Eco-friendly floating cities in the French Polynesian area of the South Pacific islands may become a reality in the near future. The Seasteading Institute, a nonprofit organization based in Silicon Valley, proposed this futuristic idea to provide sustainable living alternatives to those affected by rising sea levels due to climate change. On January 13, French Polynesian officials signed a “memorandum of understanding” with the Seasteading Institute in San Francisco, according to BBC News. This agreement has the potential to set a precedent for the construction of autonomous floating cities around the globe.

Randolph Hencken, the Seasteading Institute’s Executive Director, expects pilot islands for the group’s program to cost from $10 to $50 million. These pilot islands would have the capacity to house a few dozen people, and operate on solar power innovations and “sustainable aquaculture and ocean-based wind farms”, as reported by The New York Times. However, the project’s developers still face multiple obstacles such as the development of efficient waste-ridding systems.

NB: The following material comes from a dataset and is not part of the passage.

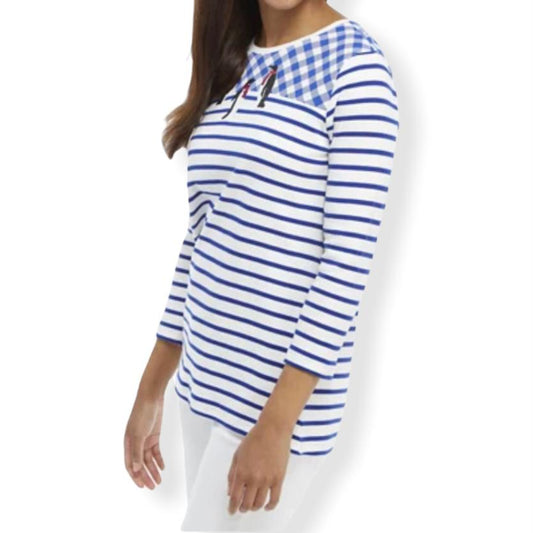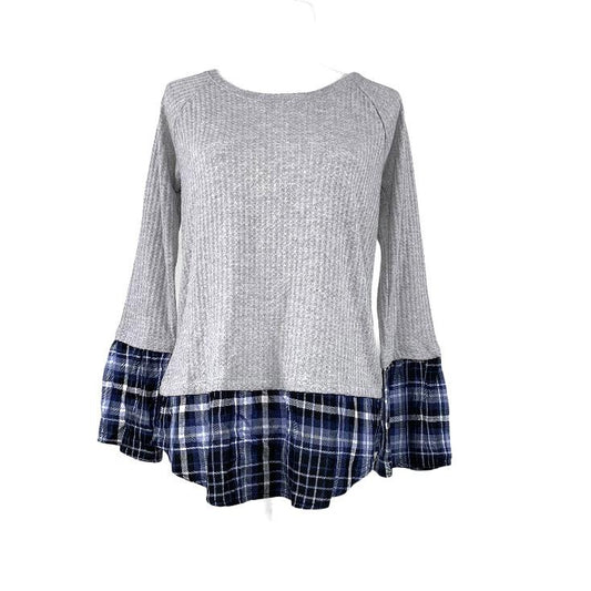 Long Sleeve Gray/Blue Plaid Scoop Neck Size S Women's Sweaters

The Seasteading Institute’s floating cities would offer residents freedom from the boundaries and restrictions present in existing nations, including freedom from laws and regulations, as well as exemptions from state taxes, according to The Guardian. The critics of the project raise concerns that these cities will ultimately only benefit the wealthy from developed countries, while the native islanders – the ones the cities are intended to protect – will be the population left to suffer from the impacts of climate change. Local Tahitians question whether facilitating tax evasion of these profitable ventures would be economically healthy for South Pacific nations.

The Seasteading Institute neglected to seek out the opinions of local residents, which is nothing new according to the residents themselves. According to Marc Collins, a Tahitian businessman and former Minister of Tourism, Tahitians often hear of ambitious and revolutionary projects, such as this one, that are often unrealized. Collins says that negative reactions to the project were expected, but he has a positive outlook on it and hopes that floating islands will boost the Tahitian economy.

Strong advocates for the project include Koen Olthuis, an architect from the Netherlands who works on aquatic projects. Olthuis told the New York Times that these cities have the potential to save hundreds of thousands of people from at-risk tropical slums worldwide, given that the project has proper oversight and funding.

Critics both domestically and abroad wonder whether sustainability is the project’s true goal, seeing that seasteading supporters boast tax exemption as the main selling point of these autonomous floating cities. Other concerns exist on the French Polynesian side about what the social and architectural landscapes of these cities will look like. Multiple digital images have been proposed regarding the style and schematics of the floating islands, but plans have not yet been finalized. Only time will tell whether these cities will fulfill their intended purposes, seeing that their construction may begin within the year.